== Listed entries ==

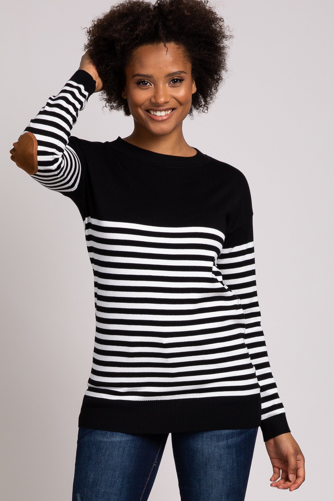 PinkBlush Black Striped Elbow Patch Knit Maternity Sweater
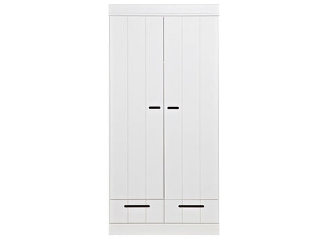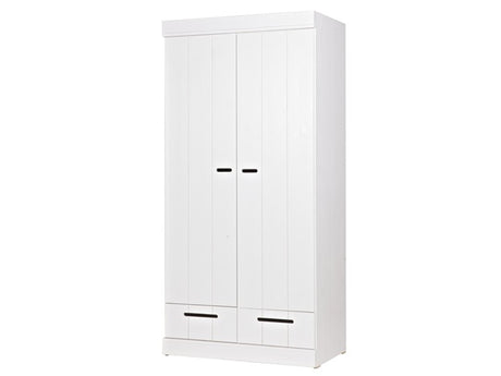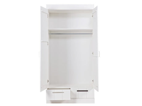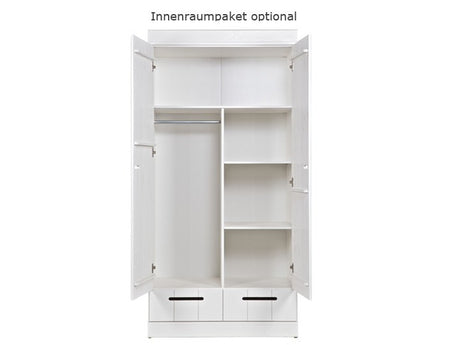 Kleiderschrank Weiß mit 2 Schubladen, Schrank, Breite 94 cm
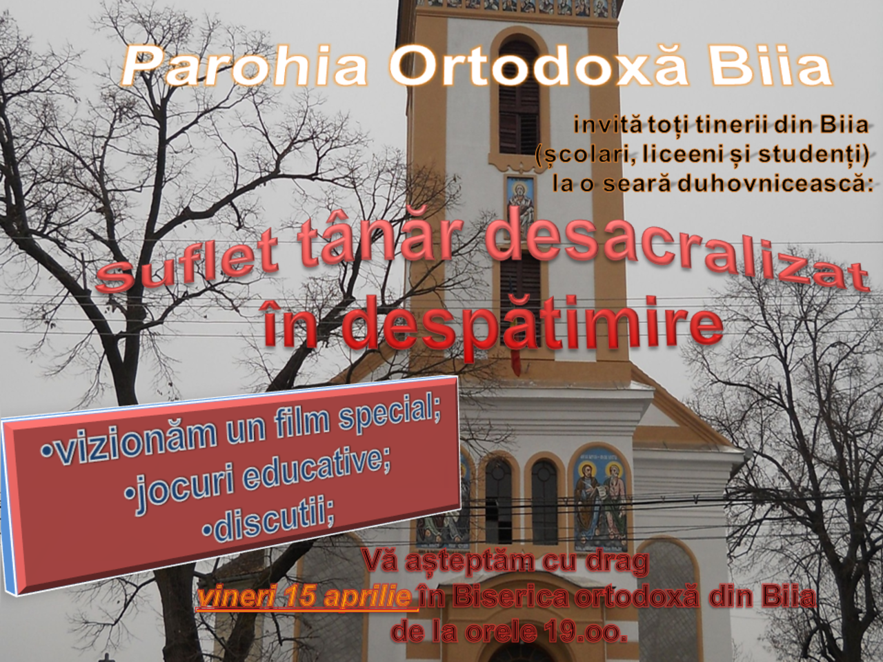 Prin ocrotirea Sf. Ierarh Nicolae, cu binecuvântarea Înalt Preasfinţitului Părinte Irineu, Arhiepiscop al Alba Iuliei şi cu sprijinul Protopopiatului Ortodox Blaj, Parohia Ortodoxă Biia organizează evenimentul cultural religios intitulat ”Suflet tânăr secularizat în despătimire”.
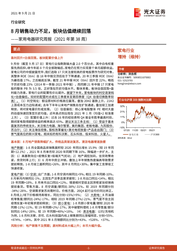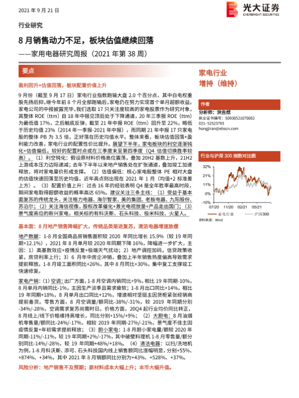 【光大证券】【20210921】家用电器研究周报(2021年第38周):8月销售动力不足,板块估值继续回落-27页
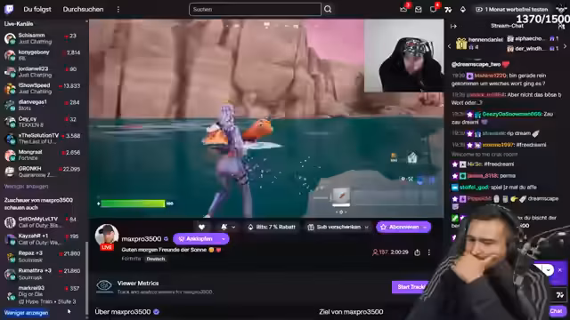 Es wurde über die persönlichen Abnehmerziele und aktuellen Fortschritte berichtet. Zudem wurden zwei neue Koop-Spiele präsentiert. Der Höhepunkt war der geplatzte Versuch, ein gemeinsames Fortnite-Spiel mit einem anderen Streamer zu organisieren. Zum Ausgleich wurde ein interaktives Fahrschul-Quiz gestartet.

===

What is expected >>
Could you write out every line above exactly as it stands, with no images?

Solution to this task >>
 PinkBlush Black Striped Elbow Patch Knit Maternity Sweater
 Kleiderschrank Weiß mit 2 Schubladen, Schrank, Breite 94 cm
 Prin ocrotirea Sf. Ierarh Nicolae, cu binecuvântarea Înalt Preasfinţitului Părinte Irineu, Arhiepiscop al Alba Iuliei şi cu sprijinul Protopopiatului Ortodox Blaj, Parohia Ortodoxă Biia organizează evenimentul cultural religios intitulat ”Suflet tânăr secularizat în despătimire”.
 【光大证券】【20210921】家用电器研究周报(2021年第38周):8月销售动力不足,板块估值继续回落-27页
 Es wurde über die persönlichen Abnehmerziele und aktuellen Fortschritte berichtet. Zudem wurden zwei neue Koop-Spiele präsentiert. Der Höhepunkt war der geplatzte Versuch, ein gemeinsames Fortnite-Spiel mit einem anderen Streamer zu organisieren. Zum Ausgleich wurde ein interaktives Fahrschul-Quiz gestartet.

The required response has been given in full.